Hi All, I used the following python script to add sample identifier (S1R1, S1R2, S2R1, S2R2 etc) based on the adaptor combination. It did add the sample name as I needed but when I used the output files in Bowtie to get bam files, the sample identifier at the end doesn’t show up. (I used Geneious and IGV to visualize the bam files.) Can anybody tell me what has gone wrong? My intention is to easily identify to which sample each read belongs to. Thanks!!
replace ID_TSV file
1:N:0:ATTACTCG+TATAGCCT S1R1
2:N:0:ATTACTCG+TATAGCCT S1R2
1:N:0:TCCGGAGA+TATAGCCT S2R1
2:N:0:TCCGGAGA+TATAGCCT S2R2
1:N:0:CGCTCATT+TATAGCCT S3R1
2:N:0:CGCTCATT+TATAGCCT S3R2
1:N:0:GAGATTCC+TATAGCCT S4R1
2:N:0:GAGATTCC+TATAGCCT S4R2
1:N:0:ATTACTCG+ATAGAGGC S5R1
2:N:0:ATTACTCG+ATAGAGGC S5R2
1:N:0:TCCGGAGA+ATAGAGGC S6R1
2:N:0:TCCGGAGA+ATAGAGGC S6R2
1:N:0:CGCTCATT+ATAGAGGC S7R1
2:N:0:CGCTCATT+ATAGAGGC S7R2
1:N:0:GAGATTCC+ATAGAGGC S8R1
2:N:0:GAGATTCC+ATAGAGGC S8R2
# Dictionary with strings to replace and what to replace them with
replace_strings = {}
with open("replace_ids.tsv", "r") as id_file:
# Read file line-by-line
for line in id_file.readlines():
# Split line on TAB
ids = line.strip().split("\t")
# Fist entry is the original ID
original_id = ids[0]
# Second entry is your ID
my_id = ids[1]
# Add both to our dictionary of strings to replace
replace_strings[original_id] = my_id
# Read file with sequences, called "sequence.txt"

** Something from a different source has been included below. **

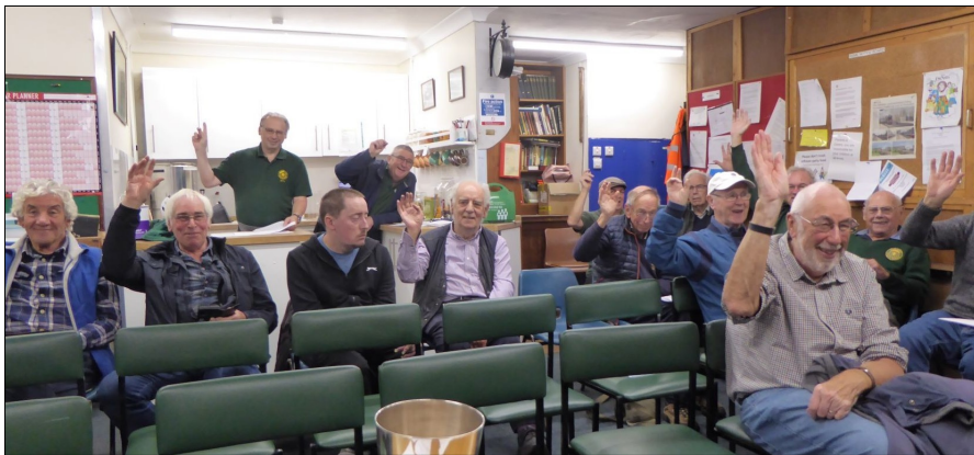
All In Favour.

with open("S8_R2_p.fastq", "r+") as infile:
# Read each line of file into a list
content = infile.readlines()
# Keep a list of the lines with the replaced strings
new_content = []
# Loop lines in the file content
for line in content:
new_line = line
# Find and replace any original_id with your own ids in the line of content and add it to our list of replaced lines
for original_id, my_id in replace_strings.items():
new_line = new_line.replace(original_id, my_id)
new_content.append(new_line)
# Write replaced content to a new file called "outfile.txt"
with open("outfileS8R2.fastq", "w") as outfile:
for line in new_content:
outfile.write(line)
Hi finswimmer,
Thanks for trying to help. May be my question is not clear. Anyways, I don't have different samples in one fastq file. I got demultiplexed fastq files for each sample so I didn't have to demultiplex it myself. But when I assembled all the samples together using Bowtie2 and visualized them using either IGV or Geneious I can't identify to which sample each read belongs to. It has only X and Y cordinates by which I can't directly identify the sample (@M04503:27:000000000-G2K2K:1:1101:14373:1561). Therefore, I thought to add the sample no. to the end of each reads' identifier by using above script. It worked and now it is like this, with S1R2 at the end (@M04503:27:000000000-G2K2K:1:1101:14373:1561 S1R2).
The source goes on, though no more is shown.